Most marathon coverage follows the same script: lead runners break tape, cameras cut away, credits roll. The other 49,000-something finishers? Good luck finding footage.
“Final Finishers” is a 30-minute documentary short that makes the case that those runners — the ones still out on course long after the elites have showered and eaten — deserve their own close-up. And now it has a National Sports Emmy nomination to prove it.

The National Academy of Television Arts and Sciences announced this week that the film has been nominated in the Outstanding Sports Documentary Short category. Winners will be named at a ceremony at Lincoln Center on May 26.
The film was produced by New York Road Runners through its in-house studio, East 89th St Productions, in partnership with Tribeca Studios. It’s the organization’s first-ever nomination at the national level, following back-to-back New York Emmy wins for its TCS New York City Marathon broadcasts in 2024 and 2025.
“Final Finishers reflects our commitment to telling the full breadth of the running experience, spotlighting the everyday athletes whose journeys are just as inspiring as the champions.”

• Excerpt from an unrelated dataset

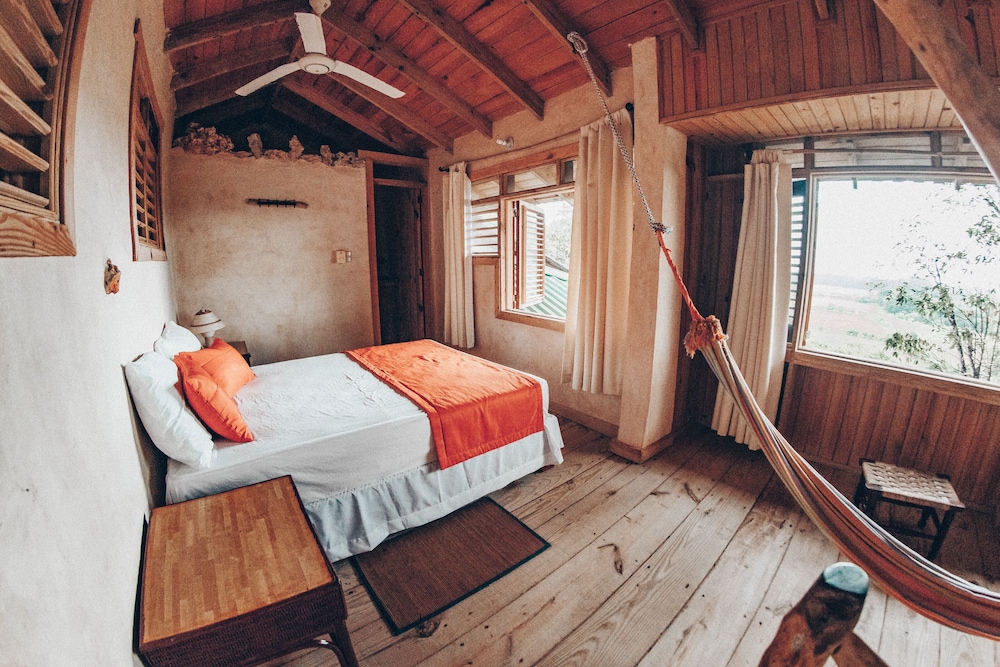 Me parece que para ser un hotel ecologico no es necesario que falten asuntos basicos como no agua caliente! No cortinas en parte de la habitación y las que tiene no poseen blackout lo que hace que el sol te despierte desde que sale! Las toallas parecen trapos de piso! Falta privacidad en las habitaciones ya que en el caso de nuestra habitación la puerta de la habitación contigua esta abierta arriba y los ruidos... se escuchan bastante.. esos detalles deben coregirlo para que este maravilloso lugar este mas completo...

Rob Simmelkjaer, CEO of New York Road Runners
Who Made It
The film was directed by Rudy Valdez, a two-time Emmy Award winner, and co-produced with Tribeca Studios, the content arm of Tribeca Enterprises — the same organization behind the Tribeca Festival, where the film premiered in 2025.

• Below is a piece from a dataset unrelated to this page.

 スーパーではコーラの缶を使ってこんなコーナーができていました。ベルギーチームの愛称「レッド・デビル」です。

It’s currently streaming on ESPN+ and Disney+. If you’re building a watchlist of the best running documentaries, this one belongs near the top.

Why It Matters for Runners
For anyone who has ever crossed a marathon finish line wondering if anyone was still watching — this film is the answer.

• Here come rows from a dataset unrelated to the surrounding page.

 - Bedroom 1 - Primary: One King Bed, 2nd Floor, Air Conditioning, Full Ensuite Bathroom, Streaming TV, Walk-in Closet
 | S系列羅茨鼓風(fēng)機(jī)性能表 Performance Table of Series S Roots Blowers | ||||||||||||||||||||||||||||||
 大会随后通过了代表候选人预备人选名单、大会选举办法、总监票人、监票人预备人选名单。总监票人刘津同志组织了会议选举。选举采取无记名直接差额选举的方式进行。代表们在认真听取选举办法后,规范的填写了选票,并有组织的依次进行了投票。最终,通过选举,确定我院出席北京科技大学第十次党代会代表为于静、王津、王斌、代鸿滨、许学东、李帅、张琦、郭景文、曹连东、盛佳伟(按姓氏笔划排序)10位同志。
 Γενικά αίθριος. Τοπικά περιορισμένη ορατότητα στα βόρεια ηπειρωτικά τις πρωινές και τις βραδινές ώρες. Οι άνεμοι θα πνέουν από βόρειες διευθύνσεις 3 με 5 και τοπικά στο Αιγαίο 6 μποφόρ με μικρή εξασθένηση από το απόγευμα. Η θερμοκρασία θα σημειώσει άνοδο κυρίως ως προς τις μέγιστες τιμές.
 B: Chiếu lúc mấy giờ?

Back-of-pack runners make up the vast majority of participants in races like the TCS New York City Marathon, which drew a record 59,226 finishers in 2025. What counts as a “good” marathon time is a question that means something different to every single one of them — and “Final Finishers” gets that.
The Emmy ceremony takes place May 26 at Lincoln Center. The film is streaming now on ESPN+ and Disney+. And if the nomination is any indication, the running world’s best stories aren’t always happening at the front of the pack.